Radical perineal and radical retropubic prostatectomy have similar outcomes when patients with minor degrees of incontinence are grouped together with continent patients. Since the impact of a minimal degree of urinary incontinence on the patient's lifestyle after radical prostatectomy seems to be minor, currently we do not believe that postoperative continence status is a major factor in choosing one procedure over the other.

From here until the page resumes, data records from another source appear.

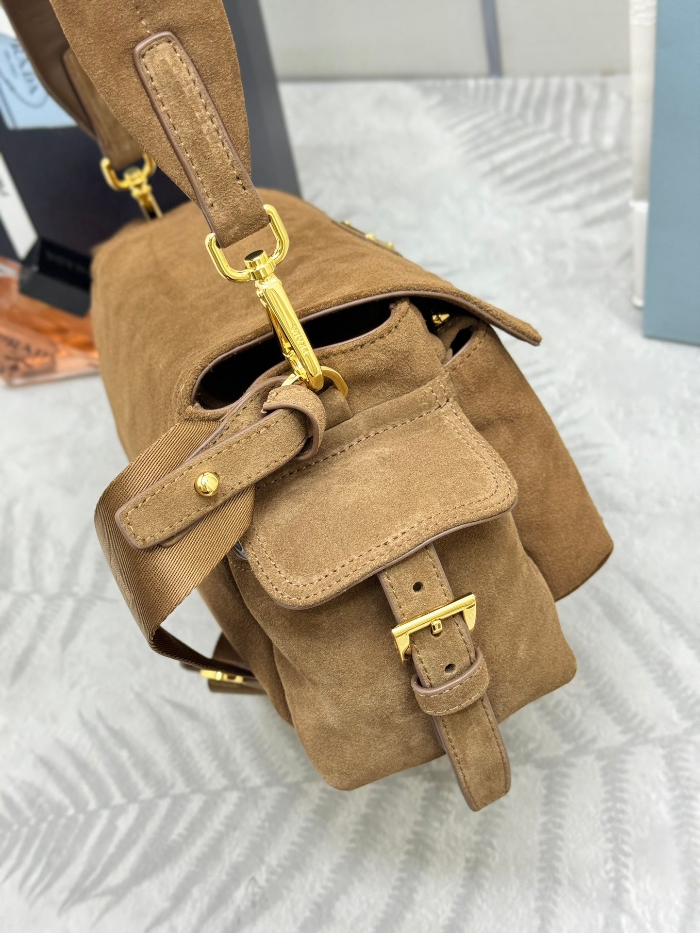 PRADA 25S EXPLORE MEDIUM SHOULDER BAG 30 IN CINNAMON SUEDE WITH FLAP
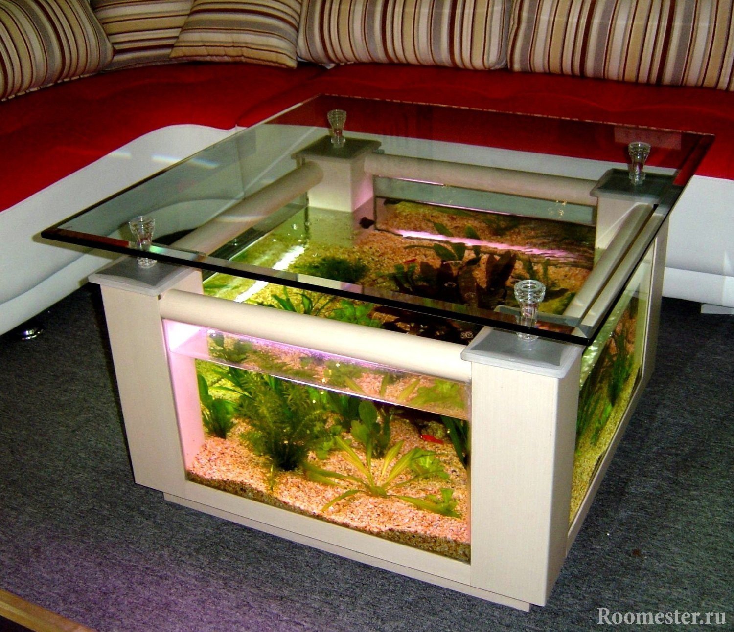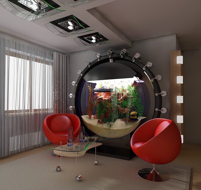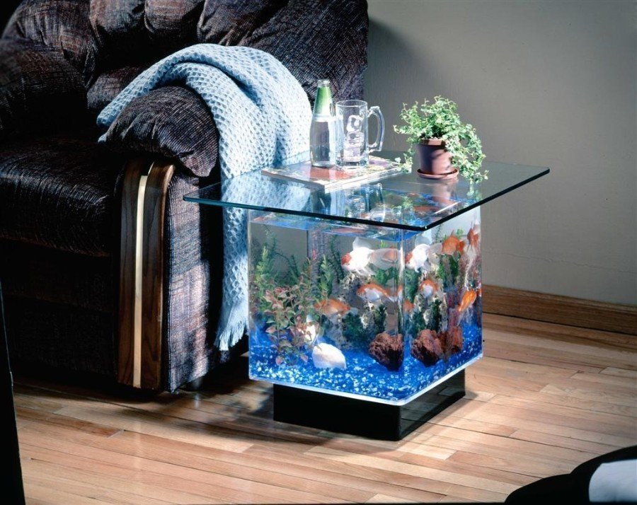 Una mesa de café-acuario en la sala de estar no ocupa mucho espacio, ayuda a relajarse después de un día duro. Los reposabrazos del sofá, donde se construyen tanques con algas y peces carroñeros, serán igual de originales.
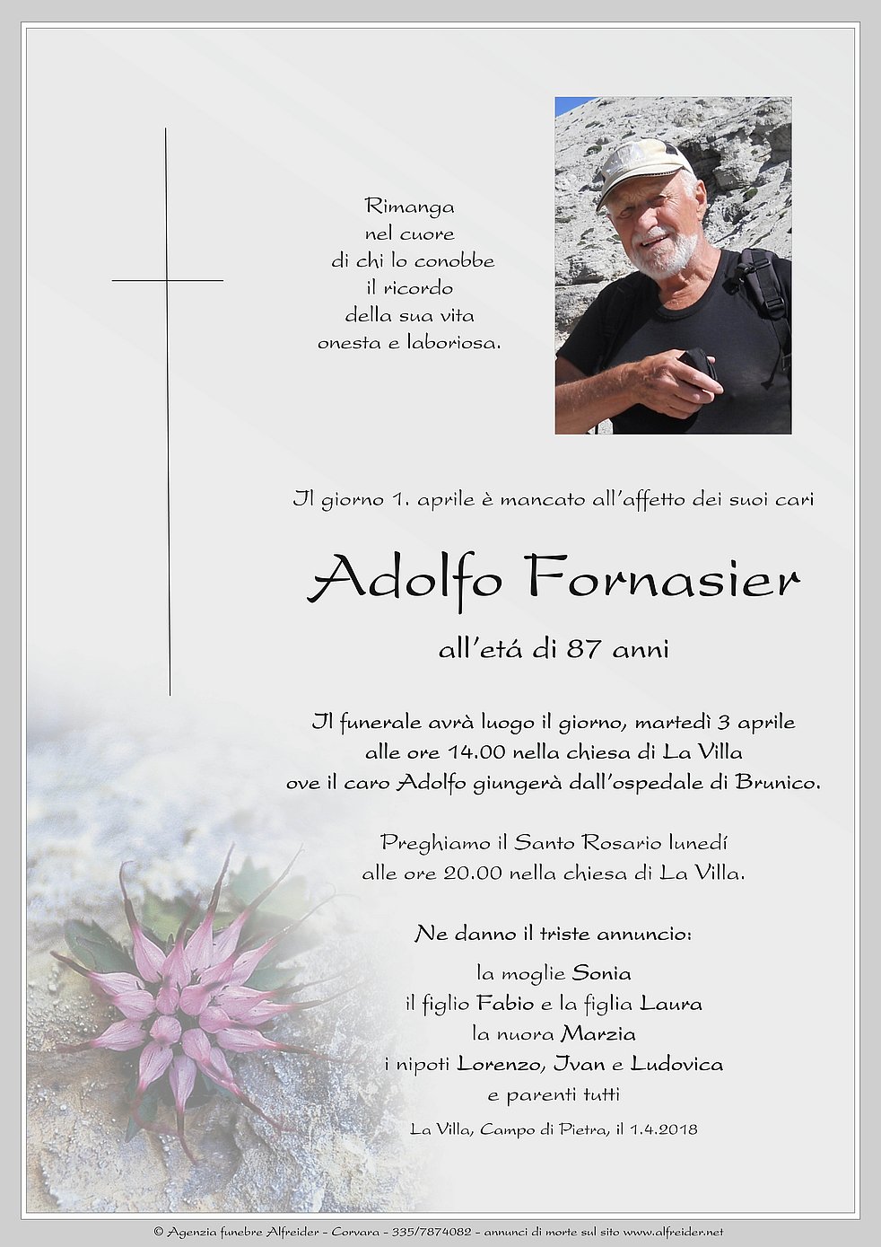 Il funerale avrà luogo il giorno, martedì 3 aprile alle ore 14.00 nella chiesa di La Villa ove il caro Adolfo giungerà dall’ospedale di Brunico.

尿失禁是前列腺癌根治性手术后最重要的结果之一。虽然耻骨后和会阴途径的根治性前列腺切除术都常用,但在一项使用经过验证的患者自填式工具的单机构研究中,尚未就尿失禁和排尿功能对二者进行比较。本研究有两个主要目的:第一,评估这两种手术在术后尿失禁的总体发生率和缓解情况方面是否存在差异;第二,确定尿失禁对该患者群体患者生活方式的影响。
1996年2月,将一份由前列腺癌根治术后男性尿功能问卷、美国泌尿外科学会(AUA)症状评分以及七个询问尿潴留和尿功能困扰的项目组成的书面问卷邮寄给1990年1月至1995年12月期间接受了会阴(43%)或耻骨后(57%)途径根治性前列腺切除术的209名男性。描述性统计用于总结这份横断面问卷所报告的尿失禁和尿功能困扰的发生率。逻辑回归模型用于在调整可能的混杂因素(如手术与问卷之间的时间以及患者年龄)后,评估所报告的尿失禁与手术方式、AUA症状评分以及尿失禁治疗之间的关联。
167名男性(80%)回复了问卷。问卷发放时参与者的中位年龄为68岁(范围43至80岁)。总体而言,57%(95%置信区间[CI]50%至63%)的回复者在问卷时报告完全尿失禁,手术与问卷之间的中位时间为2.7年(范围0.3至5.4年)。当将尿失禁定义为完全干爽或仅有少量漏尿时,75%(95%CI 69%至81%)的回复者报告为可控。在手术后2年内回复问卷的男性中,两种手术方式实现完全尿失禁的概率相似。在手术后2年以上回复问卷的男性中,接受会阴前列腺切除术的患者比接受耻骨后手术的患者更有可能报告完全可控。然而,当将尿失禁定义为完全干爽或仅有少量漏尿时,这种观察到的差异消失。尿失禁对患者生活方式的主要影响在漏尿不止少量的患者中观察到。
当轻度尿失禁患者与尿失禁可控患者归为一组时,根治性会阴和根治性耻骨后前列腺切除术的结果相似。由于根治性前列腺切除术后轻度尿失禁对患者生活方式的影响似乎较小,目前我们认为术后尿失禁状态不是选择一种手术方式优于另一种的主要因素。